Required action
Begin the copy at the line that contains "Elegante funda de", end it at the last line of the entries below, keep every word exact, and include no pictures.

[Collected data entries]
________________________

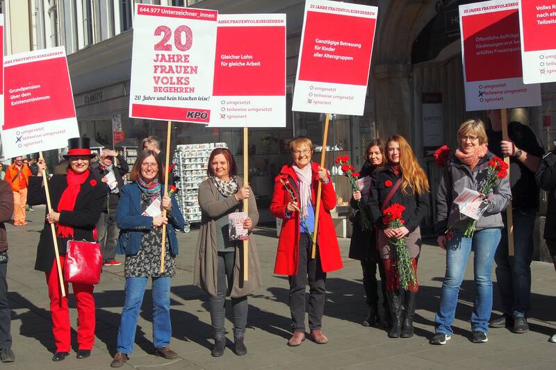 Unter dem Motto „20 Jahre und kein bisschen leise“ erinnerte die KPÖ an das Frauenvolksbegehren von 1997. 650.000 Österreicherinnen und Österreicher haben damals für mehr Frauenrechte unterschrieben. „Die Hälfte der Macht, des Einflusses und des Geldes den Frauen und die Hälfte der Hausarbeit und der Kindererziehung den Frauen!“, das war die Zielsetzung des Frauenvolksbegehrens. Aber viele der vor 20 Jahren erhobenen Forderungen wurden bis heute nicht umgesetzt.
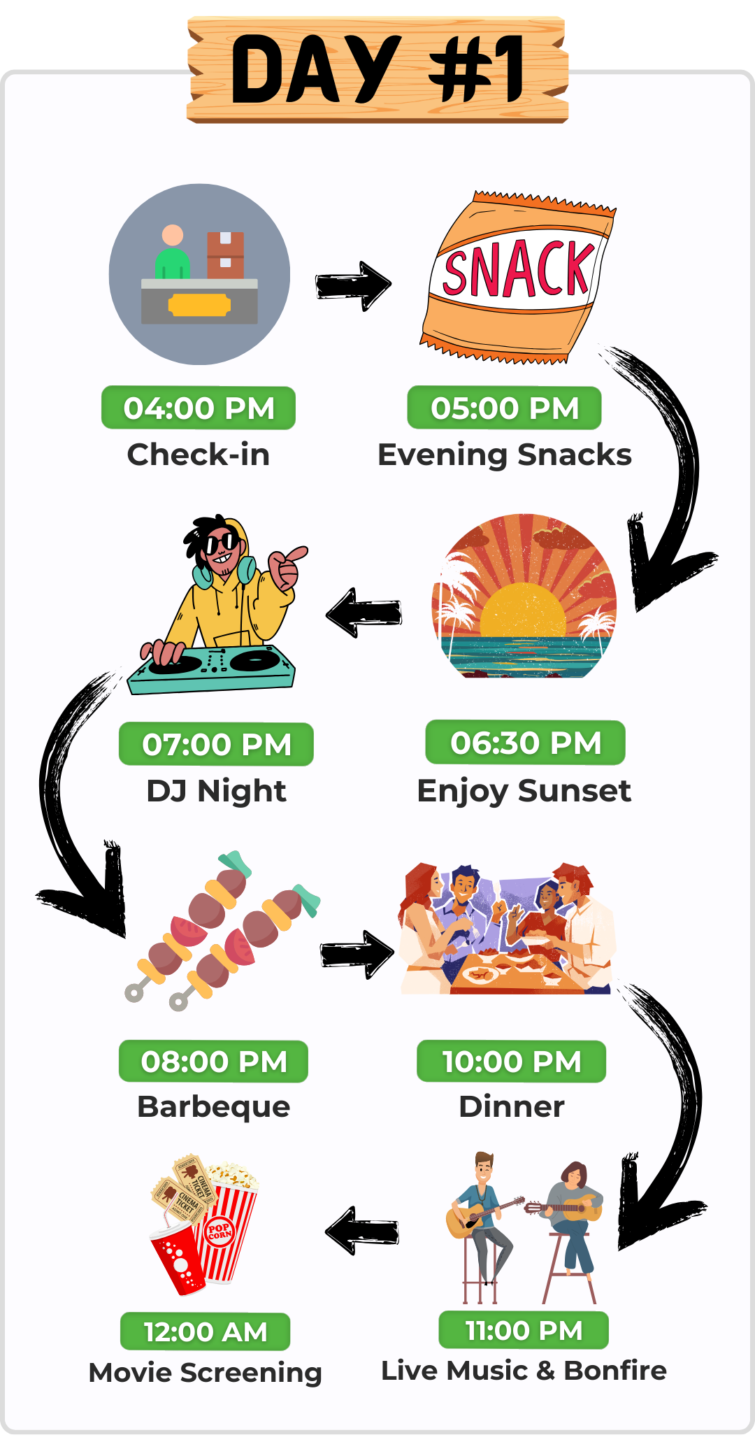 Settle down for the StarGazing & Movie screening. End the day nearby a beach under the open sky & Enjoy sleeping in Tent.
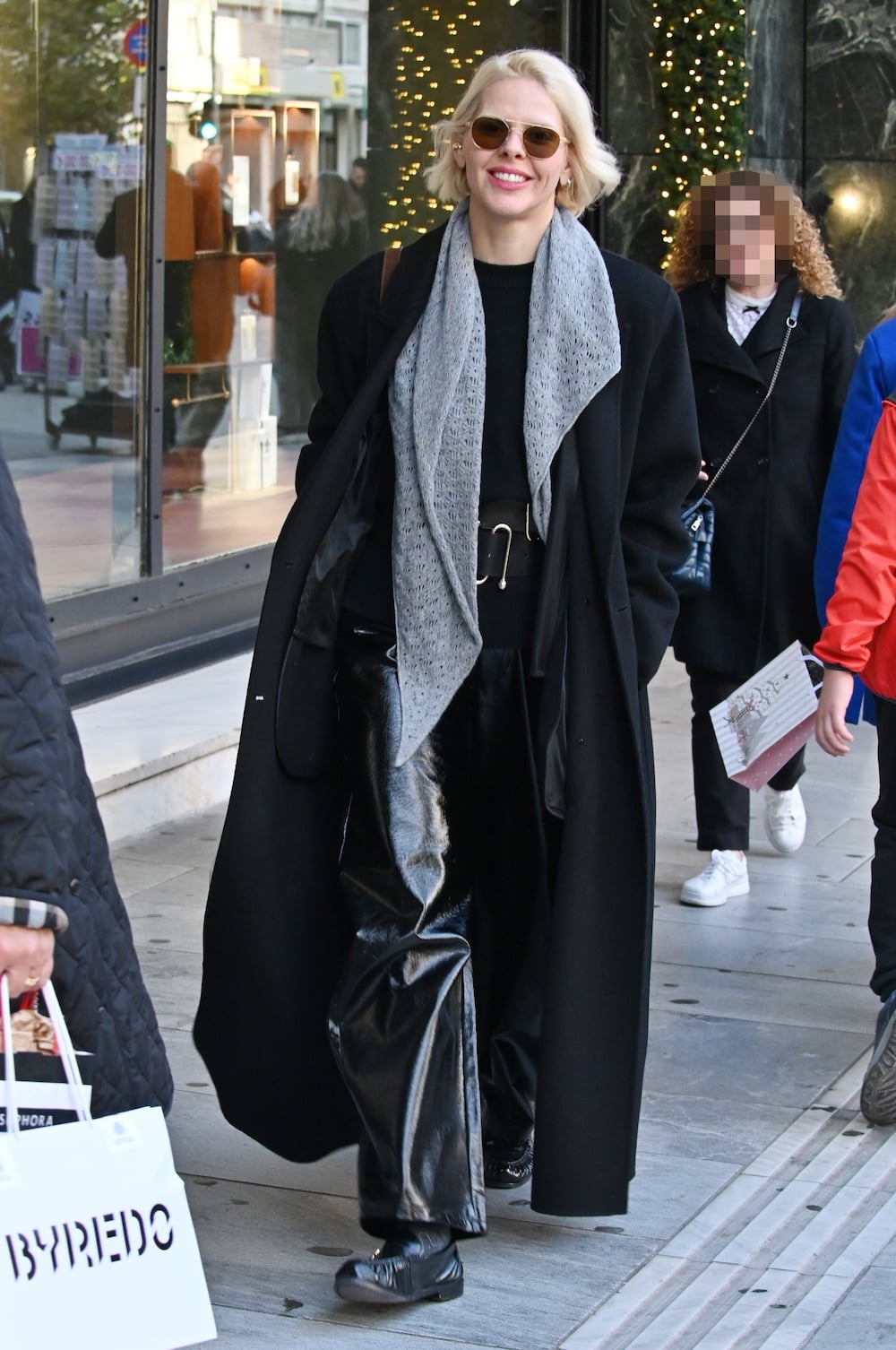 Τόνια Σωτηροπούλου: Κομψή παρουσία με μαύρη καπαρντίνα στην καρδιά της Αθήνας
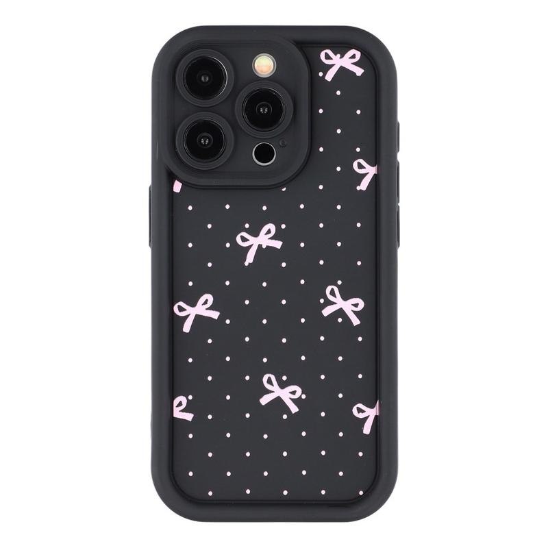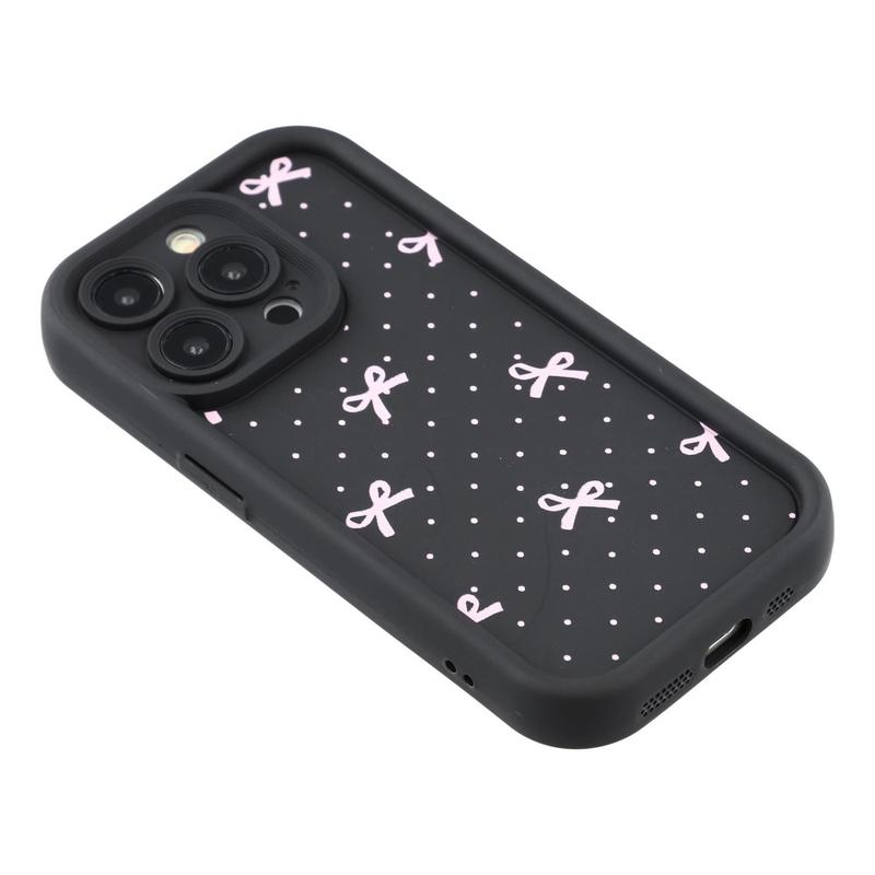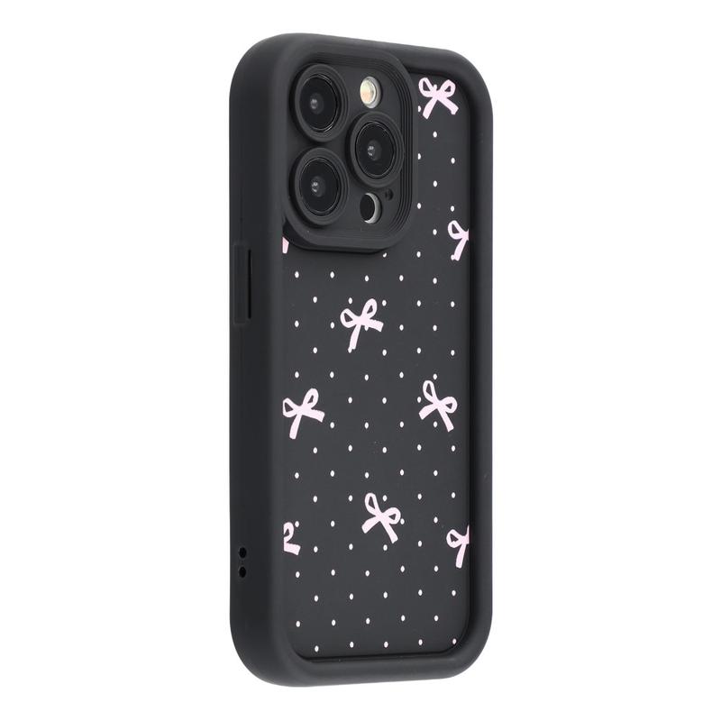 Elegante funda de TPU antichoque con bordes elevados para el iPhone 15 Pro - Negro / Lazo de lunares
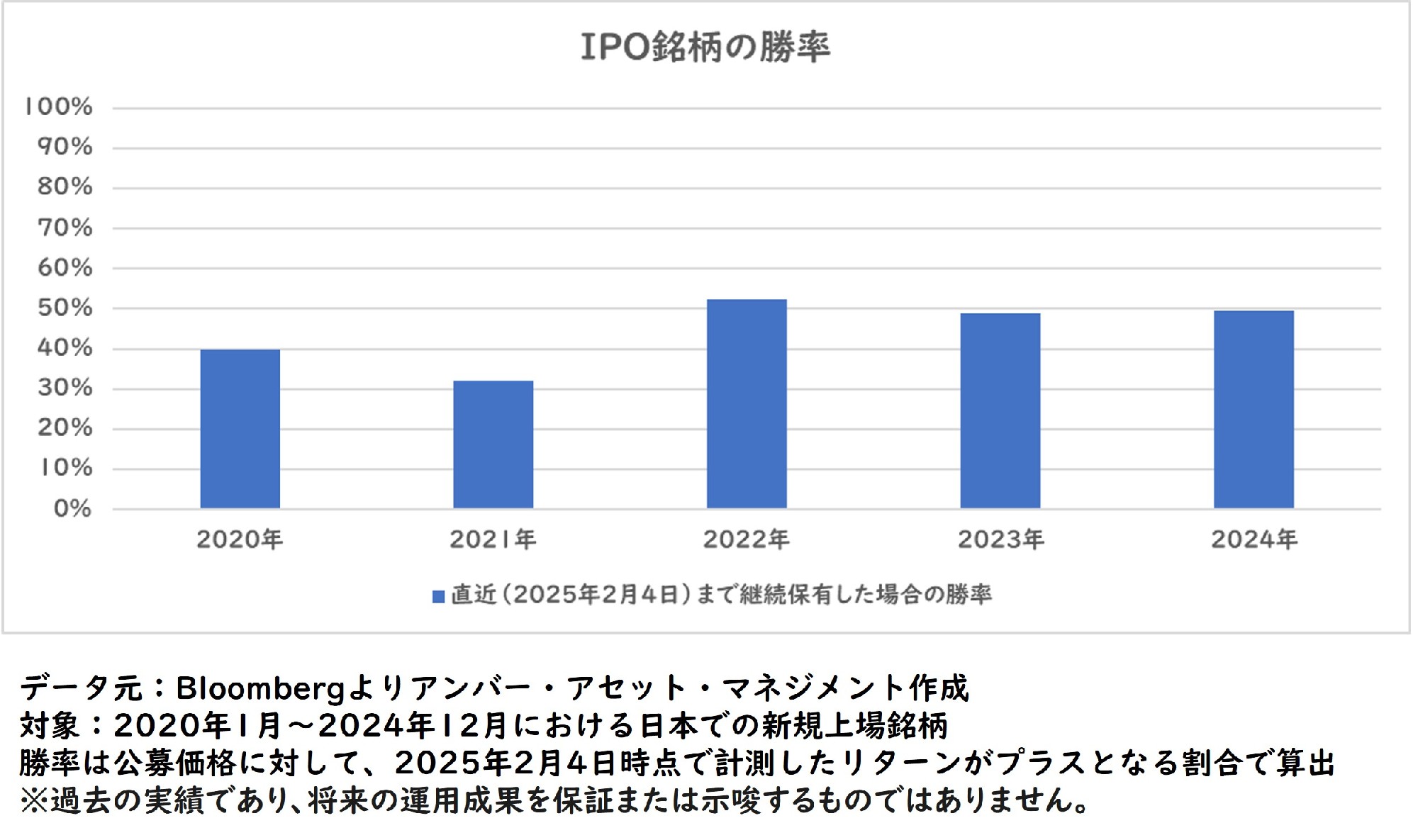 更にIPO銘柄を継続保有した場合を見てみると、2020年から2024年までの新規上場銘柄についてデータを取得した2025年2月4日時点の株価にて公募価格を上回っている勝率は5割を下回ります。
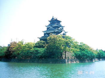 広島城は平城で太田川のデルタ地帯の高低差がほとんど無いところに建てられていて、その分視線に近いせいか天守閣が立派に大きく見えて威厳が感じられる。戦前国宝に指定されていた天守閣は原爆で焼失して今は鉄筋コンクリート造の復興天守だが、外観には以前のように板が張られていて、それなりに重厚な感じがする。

________________________

Solution
 Elegante funda de TPU antichoque con bordes elevados para el iPhone 15 Pro - Negro / Lazo de lunares
 更にIPO銘柄を継続保有した場合を見てみると、2020年から2024年までの新規上場銘柄についてデータを取得した2025年2月4日時点の株価にて公募価格を上回っている勝率は5割を下回ります。
 広島城は平城で太田川のデルタ地帯の高低差がほとんど無いところに建てられていて、その分視線に近いせいか天守閣が立派に大きく見えて威厳が感じられる。戦前国宝に指定されていた天守閣は原爆で焼失して今は鉄筋コンクリート造の復興天守だが、外観には以前のように板が張られていて、それなりに重厚な感じがする。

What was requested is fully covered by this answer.